■ Task data:
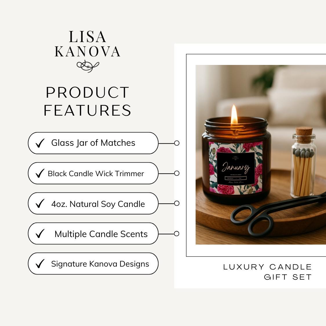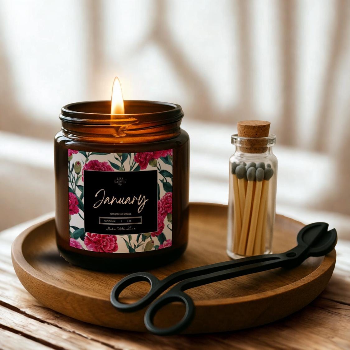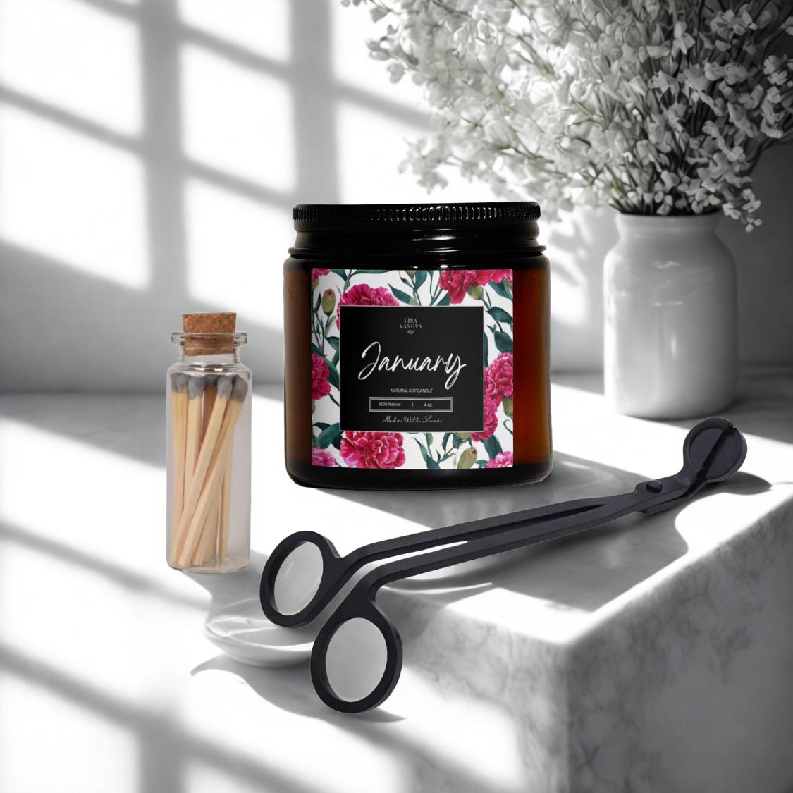 Luxury Candle 3 Piece Gift Set Birth Flower Edition by Lisa Kanova - January Carnation
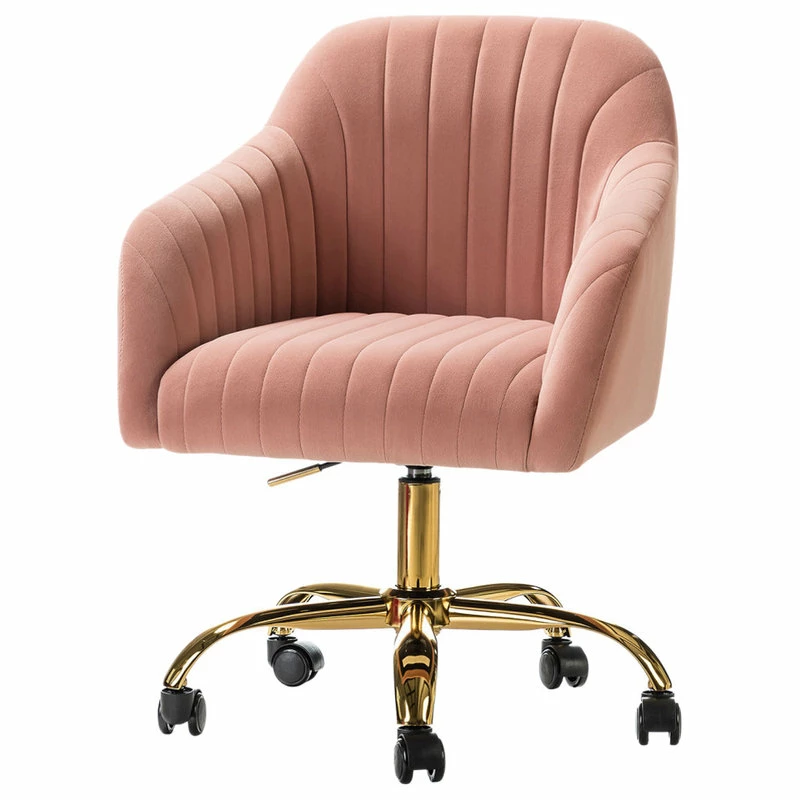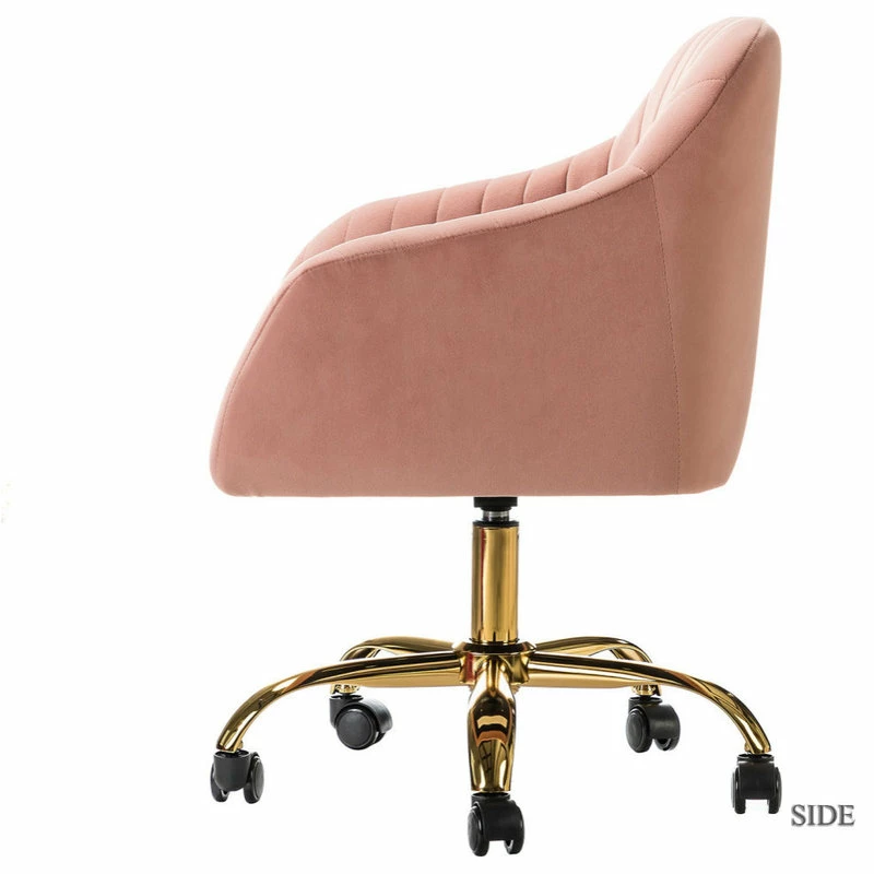 This Modern swivel office chair is a wonderful addition to any office or home office with its variety vibrant colors- velvet fabric upholstery that blends with any design taste. Featuring extra plush seating with a stylish lightly tufted seat back and very attractive color of velvet fabric. This chair will have you feeling as if you are sitting on clouds. This chair will become the most comfortable chair in your home and office. Down below, it includes five casters for easy transport. Includes a pneumatic lever for adjusting the height. Whether used in the home office or workplace cubicle,this office chair is a must-have for anyone who works long hours from a sitting position. Offering the appeal of mid-century inspired decor to your abode.
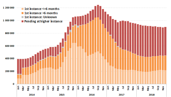 The overall rise in the stock of cases pending at first instance in the second half of 2018 was reflected only in cases pending for up to six months, whereas the number of applications awaiting a decision for a longer period declined slightly. This means that newly lodged applications contributed to the growth in the stock at first instance. This is in line with a slight decrease in the number of decisions issued at first instance in the second half of 2018 combined with a slight increase in the level of applications lodged.
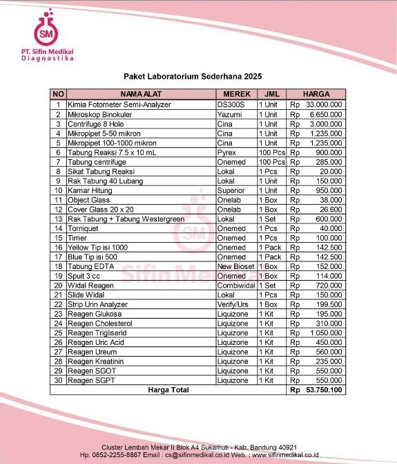 Membangun laboratorium klinik sederhana membutuhkan perencanaan yang tepat, pemilihan peralatan yang sesuai, serta anggaran yang efisien. Untuk membantu klinik, puskesmas, atau fasilitas kesehatan memulai layanan pemeriksaan laboratorium, PT Sifin Medikal Diagnostika menghadirkan Paket Pembuatan Laboratorium Klinik Sederhana yang siap pakai.
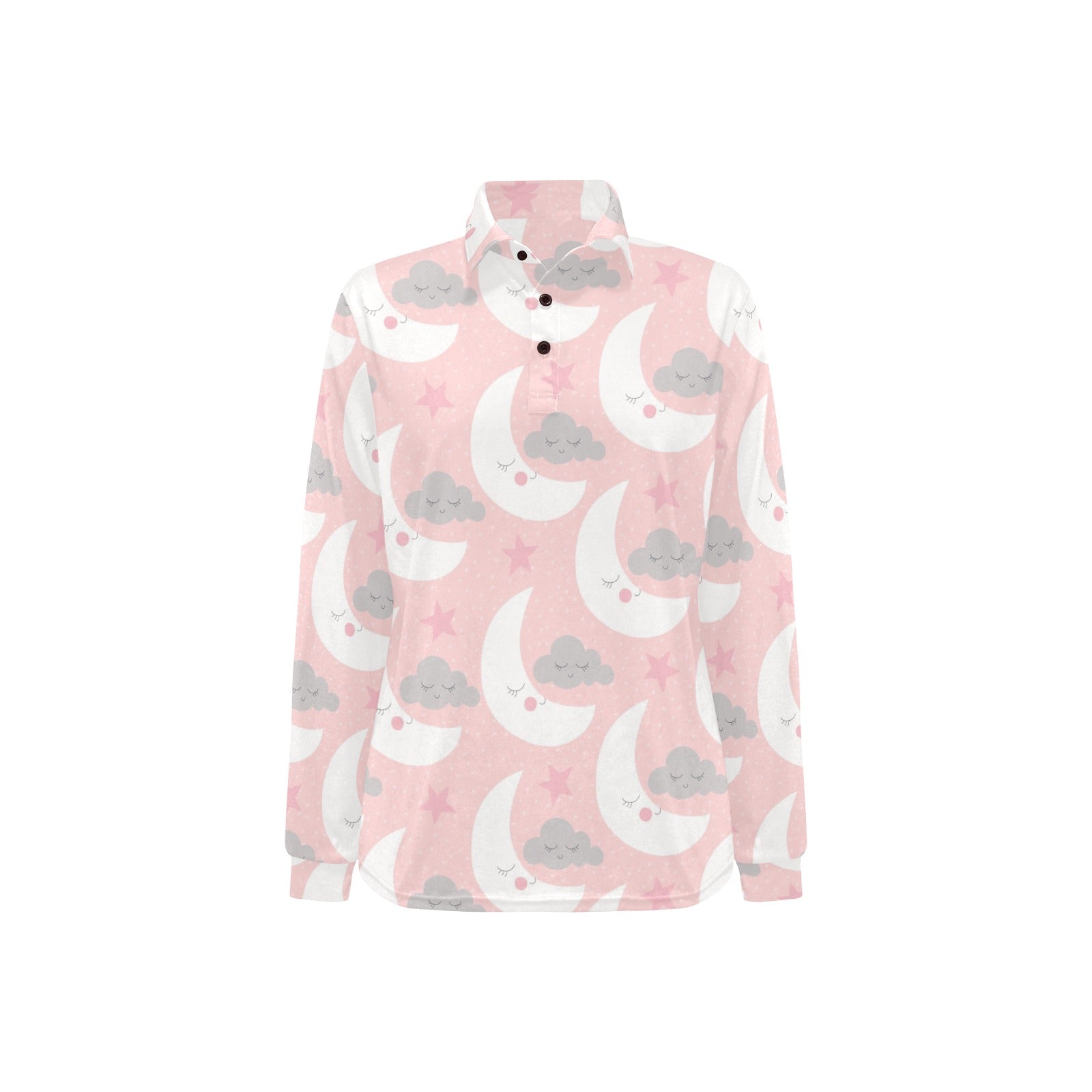Cute moon cloud star pattern pink dot background Women's Long Sleeve Polo Shirt
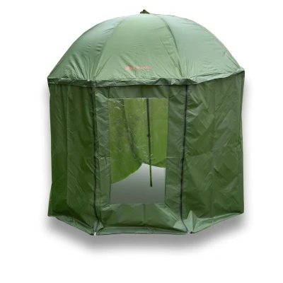 Ultimate Full Screen Umbrella - Color: green - Material: 210D Oxford - Steel leg - Very stable - 100% waterproof - Removable side screen - Equipped with door with window - Equipped with tilt mechanism - Perfectly adjustable against sun and wind - 2-part leg, infinitely adjustable in height - With the sharp point firmly into the ground - Includes guy ropes, pegs and carrying bag This Ultimate Full Screen umbrella provides both protection from the sun in summer and from rain on an autumnal day. Made of polyester material and water- and windproof with taped seams. The zippered side walls feature a windowed “door” which provides even more protection. The umbrella comes with pegs and guy lines so that it can be securely placed and the whole thing is packed in a handy carrying bag.
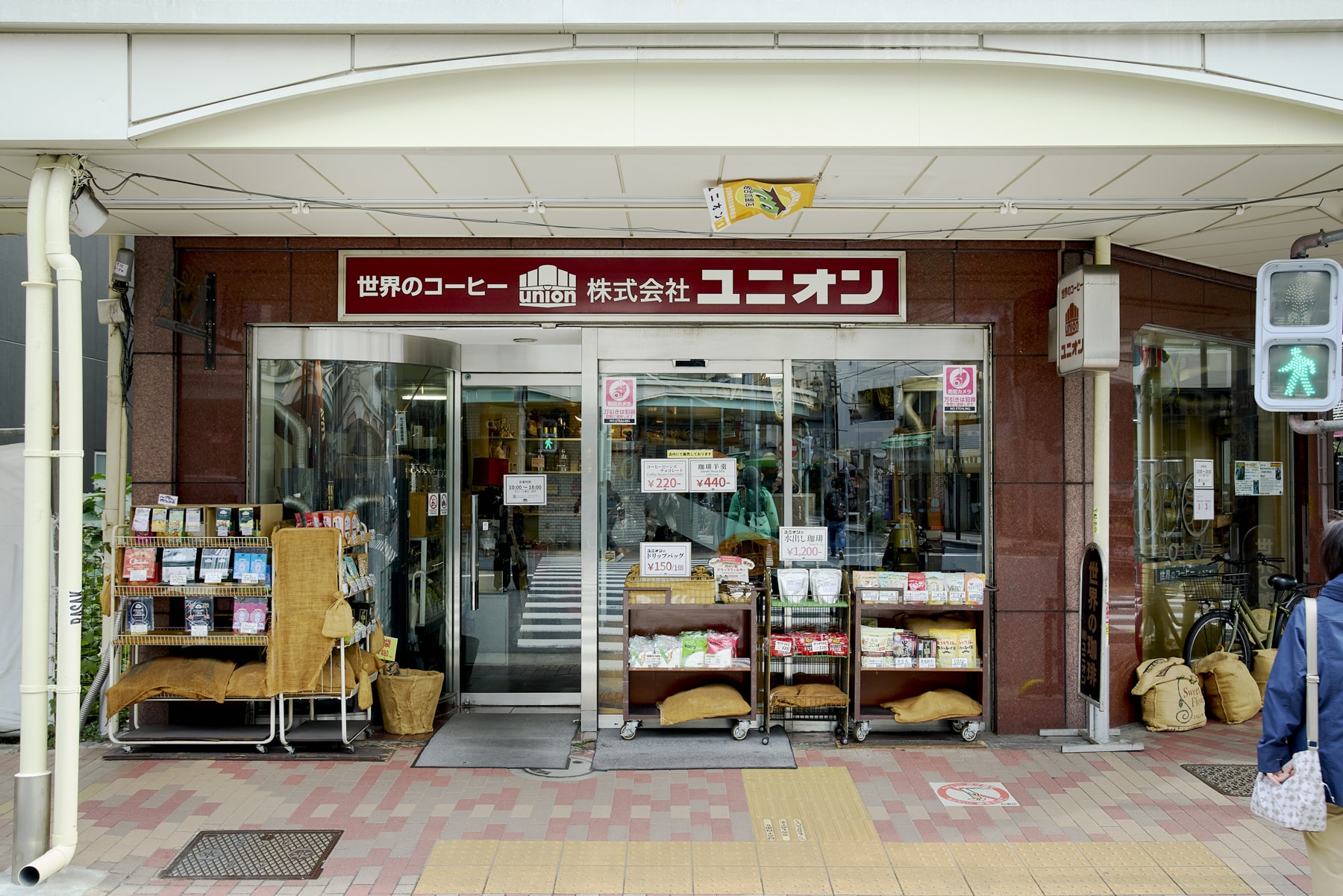 Across the street is a specialty shop for coffee beans. Customers can select and purchase beans together with their coffee equipment.
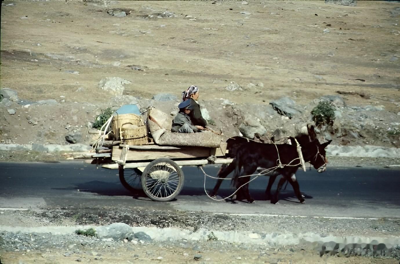 1986年,乌鲁木齐郊外的公路上,一对母子正赶着驴车前行。车上装着从集市上采购的蔬菜等物品。当时的公路看上去很窄。
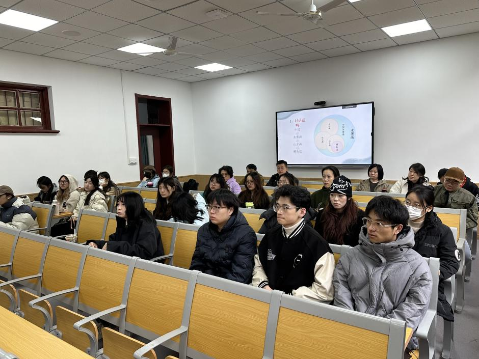 此次课程主要讲解山水画写生传统和写生技法的运用。在课堂展示环节,于海龙老师用“以树石法为例浅谈写生”为题,首先回顾之前的课程、知识、谱系,介绍中国画、水墨画、山水画的范畴关系。随后以古代画论引出中国传统绘画中的写生及山水写生在近现代的发展。又结合经典作品,详细解读山水画写生的观察方法、构图章法、空间布景、笔墨意趣等问题。整堂课学生听讲认真,与教师配合密切,课堂秩序良好。

■ Problem details: Beginning with the line that contains "Across the street" and ending with the final line of the entries, every line must be copied exactly; the pictures must not.

■ Answer for this exercise:
 Across the street is a specialty shop for coffee beans. Customers can select and purchase beans together with their coffee equipment.
 1986年,乌鲁木齐郊外的公路上,一对母子正赶着驴车前行。车上装着从集市上采购的蔬菜等物品。当时的公路看上去很窄。
 此次课程主要讲解山水画写生传统和写生技法的运用。在课堂展示环节,于海龙老师用“以树石法为例浅谈写生”为题,首先回顾之前的课程、知识、谱系,介绍中国画、水墨画、山水画的范畴关系。随后以古代画论引出中国传统绘画中的写生及山水写生在近现代的发展。又结合经典作品,详细解读山水画写生的观察方法、构图章法、空间布景、笔墨意趣等问题。整堂课学生听讲认真,与教师配合密切,课堂秩序良好。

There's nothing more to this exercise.